Investors Urged To Use Malaysia As Base For Islamic Finance


Manama (Bahrain), Oct 16 (Bernama) -- In line with efforts to promote Malaysia as an Islamic financial centre, investors are being encouraged to use the country as a gateway for investment and base for financial activities.

"Let's jointly promote Islamic finance in the international market and the mutual acceptance of each others' financial products while marketing them together," the Raja Muda of Perak, Raja Dr Nazrin Shah ibni Sultan Azlan Shah, urged in an interview here.

He pointed out that Malaysia is generally a business friendly place and there are lots of attractive policies in place for foreign investors, wanting to invest in the country.

Raja Dr Nazrin Shah, who is also the financial ambassador of the Malaysia International Islamic Financial Centre (MIFC), led a roadshow delegation comprising regulators and industry players to Qatar and Bahrain from Oct 10-15.

Tracing the development of Islamic finance in Malaysia, he said in 1983, the first Islamic bank was established in the country and in the 90s, banks were invited to open windows within their system to start trading in Islamic products.

He said the MIFC intiative was established in 2006 to establish Malaysia as the centre for Islamic finance and to integrate the country within the Islamic financial community.

"We (Malaysia) now have an Islamic capital market and are the largest producer of Sukuk (Islamic bonds).

"I think 60 percent of Sukuk originates from Malaysia. We have Islamic insurance, re-insurance and asset management, developed over the last few years," he explained.

According to Raja Dr Nazrin Shah, the underlying principle of Islamic finance is basically to prohibit accessive risk taking and speculative activities while it is also sound finance.

He said non-Muslims are also beginning to use Islamic products, especially in Malaysia.

"I think we have progressed much and Malaysia is the centre for Islamic finance," he said, when asked how far had Malaysia come as an international Islamic financial base.

He also said there was a need for greater collaboration and dialogue to promote Islamic finance in international markets.

"These are the basic pillars that have to be considered on a continuous basis in order to promote Islamic finance, he added.

"In 1997, Malaysia went through a financial crisis and that was a wake up for us. Since 1997, we have strengthened our financial system while putting in place stronger regulatory and supervisory considerations, for greater corporate governance and best practices.

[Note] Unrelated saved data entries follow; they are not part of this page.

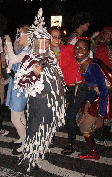 記得去年紐約萬聖節大遊行, 我只有跟Viivan一起參加, 今年卻熱鬧很多! 有Monica夫婦跟小兒子, 還有來自加州的FG網友金滿夫婦, 加上剛認識的兩位年輕網友莊軒跟皮皮, 遊行完還多找了兩位也是FG的網友Dorian和小明喵一起到韓國城吃宵夜
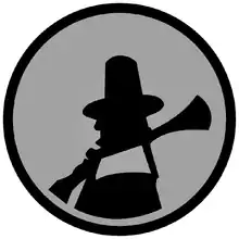 - Description: On a disc silver gray, edged with a .32 cm (1/8-inch) black border, depicting the black silhouette of a Puritan carrying a flintlock blunderbuss on his shoulder. (This insignia was derisively referred to by some as the "Puking Pilgrim".)
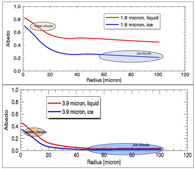 Figure 14: Simulated albedo of water and ice clouds (red and blue curves) at 1.6 (top) and 3.9 (bottom) micrometer wavelengths as a function of effective particle size. The ellipses represent the typical range of water droplet and ice particle sizes.
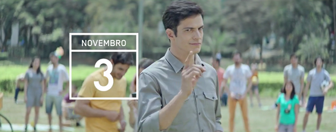 O informe publicitário é encerrado com Mateus Solano anunciando: “A Oi não acha isso nada lindo. Por isso vai mudar o seu jeito de se comunicar. Dia 3 de novembro. Aguarde!”.
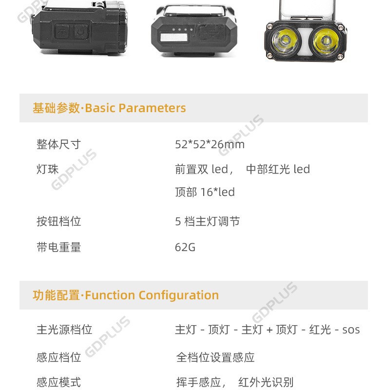 국경 새로운 다기능 유도 헤드 라이트 USB 자전거 라이트 LED 캡 라이딩 손전등 낚시 야외스토어 가기
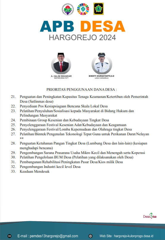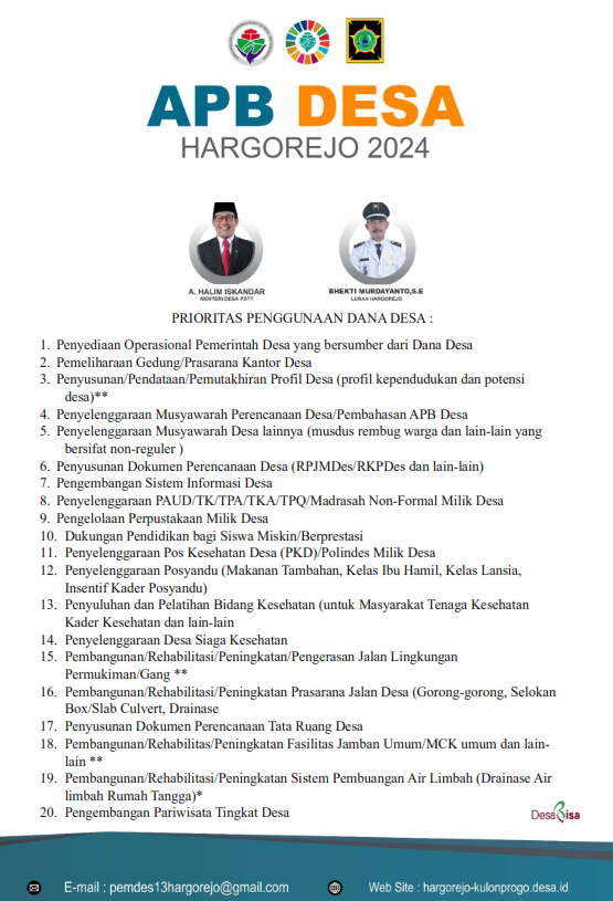 Dalam prioritas penggunaan Dana Desa, Kementerian Desa Pembangunan Daerah Tertinggal dan Transmigrasi telah menerbitkan peraturan Nomor 7 Tahun 2023 Tentang Rincian Prioritas Penggunaan Dana Desa. Prioritas dana desa juga diarahkan untuk percepatan pencapaian tujuan SDGs Desa. Prioritas penggunaan Dana Desa Kalurahan Hargorejo di Tahun 2024 antara lain untuk kegiatan sebagai berikut :
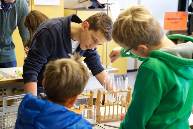 Ihre Eltern hatten die Möglichkeit, sich bei Kaffee, Kuchen oder einer Waffel in der Schulstraße gemütlich zusammenzusetzen, zu unterhalten, sich eingehend zu informieren oder eine Führung durch das Gebäude der Schule zu machen. Mitarbeiter der VHS und zahlreiche Lehrkräfte standen den Eltern jederzeit zur Verfügung. Aber auch Schülerinnen und Schüler kamen als Informanten und Helfer zum Einsatz, indem die „Schulspatzen“ den Gästen halfen, den Schnupperunterricht zu finden oder die Pfadfinder (ausgestattet mit grünen T-Shirts) jederzeit zur Stelle waren, falls sich jemand verirrt hatte.
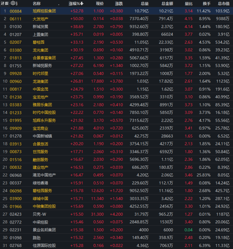 港股内房股中,旭辉控股、大发地产涨幅均超过50%,新城发展、碧桂园、龙光集团等股票涨幅超过30%,合景泰富、龙湖集团、中国金茂、宝龙地产、雅居乐集团、时代中国等股票涨幅超过20%。

"Because of these reforms, it has put us in good stead in withstanding the present economic crisis," he said.

He said Malaysia like many other countries had been affected by the economic crisis.

"Basically,there has been a contraction in demand for our exports.But the financial system remains strong as our banks are very well capitalised," he highlighted.

Raja Dr Nazrin Shah said Malaysia is a very open economy and its growth has been export driven.

In the present situation, he said, demand in the developed economies and Europe is low and it might take some time for them recover from the crisis.

He stated that countries like Malaysia, which traditionally depend on exports, now have to look to alternative markets as in South East Asia and boost domestic demand.